I had woken up with some dull kind of a toothache on Monday, which was solidly in the “it’s not too bad to ignore, but annoying” category. Since that had not gotten better until Tuesday morning, I did decide to do the grown-up thing and call my dentist. To my sort-of-delight, I did get an appointment right that morning, and it was quickly resolved that the tooth must have died a quiet death a while ago, as there was no nerve action in it anymore. (That, for those of you lucky enough to never have had such an experience, is done with a super-cold stick that is touched to the tooth. A living one will complain quickly, which is not pleasant. A dead one will not complain at all, which is even less pleasant on a different level and in an entirely different way.)

So the dead tooth was duly opened, the pus was drained, it was cleaned of most of the decayed nerve tissues, X-rays were taken, and I was sent home again with a provisional filling and a new appointment for the proper cleaning. All in all, I’m obviously not happy with pain and having to have dental treatment, but even though there is no good time to have something like this (apart from, obviously, “never” due to not needing it), my timing is impeccable. There’s so much action going on these weeks that I could have done far, far worse in finally feeling that pain – at least this week, I’m at home, and though it is sort of mangling my schedule a bit, things are far from really bad. Which brings me to the final two fun facts.

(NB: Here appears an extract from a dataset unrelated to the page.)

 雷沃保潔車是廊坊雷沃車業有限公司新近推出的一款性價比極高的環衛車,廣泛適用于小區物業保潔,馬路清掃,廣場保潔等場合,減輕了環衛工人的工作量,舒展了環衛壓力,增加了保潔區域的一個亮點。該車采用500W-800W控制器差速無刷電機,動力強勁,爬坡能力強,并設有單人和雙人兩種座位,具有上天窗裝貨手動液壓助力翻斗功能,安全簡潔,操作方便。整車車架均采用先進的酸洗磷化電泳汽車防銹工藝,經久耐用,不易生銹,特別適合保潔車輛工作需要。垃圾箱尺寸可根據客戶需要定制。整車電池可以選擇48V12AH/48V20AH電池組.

Fun fact number one: After this procedure, which is basically taking away some of the issue that causes the pain (as it drains the infected site), there was much more pain than before. Though the tooth is well and truly dead and thus incapable of causing pain, the surrounding tissue is very much alive, and it seems to have woken up by the preliminary treatment… resulting in a very definitive signal that it was not content with the situation.

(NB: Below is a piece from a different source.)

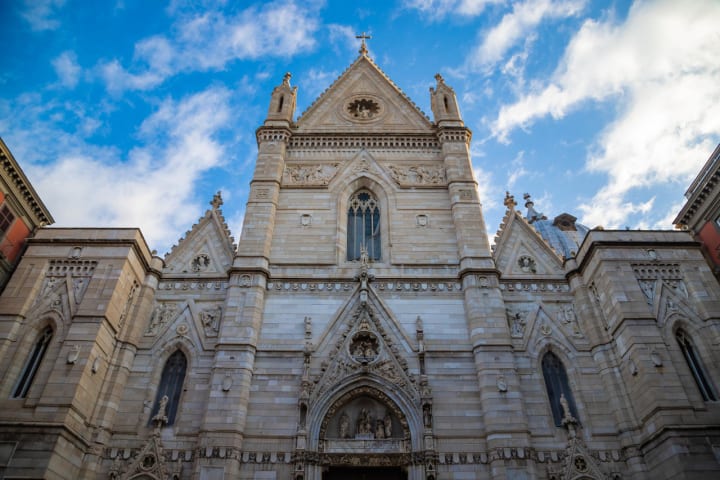 Visit the impressive Naples Cathedral initiated by Charles I of Anjou in 1272 and consecrated in 1315. There was a lot of damage done to the cathedral in an earthquake in 1436. A neo-Gothic facade was added in the late 19th century. Inside you’ll see the gilded coffered ceiling in the central nave studded with late-Mannerist art. The high sections of the nave and the transept are the artwork of Baroque artist Luca Giordano.

Fun fact number two: I spent Thursday to Monday at the Dannenberg Convent – a Living History camp close to a castle ruin (now partly restored). “Tannenberg” was one of my first yearly events, and I was there many times. I’d skipped it the past few years, due to a number of reasons, but this year was their 25th anniversary and, at the same time, the last time the event would take place in its old form. So I spent four days with friends in the rain, and we broke camp and packed up on Monday. That dull ache in the tooth, and some accompanying light pounding that came with exertion, was with me all through my treks up and down the meadow, as I was carrying my stuff back to the car. It really, really heightened my appreciation of being able to get up out of a comfy warm bed on Tuesday, grab the phone, place one call, hop on my bike for a short trip across town, and then get 21st century state-of-the-art dental care, followed by some rather safe and fairly quickly acting 21st century painkiller pill. Yes, there was medical knowledge and medical care in the Middle Ages, too, and it was sometimes a lot more sophisticated than people expect, but it was still a very far cry from dental X-rays, modern drills and modern painkillers. Which reminded me of one of the things that Living History does to its participants: It does remind us both that not all modern things and modern ways are good (or better than old methods), and not to take all good modern things for granted.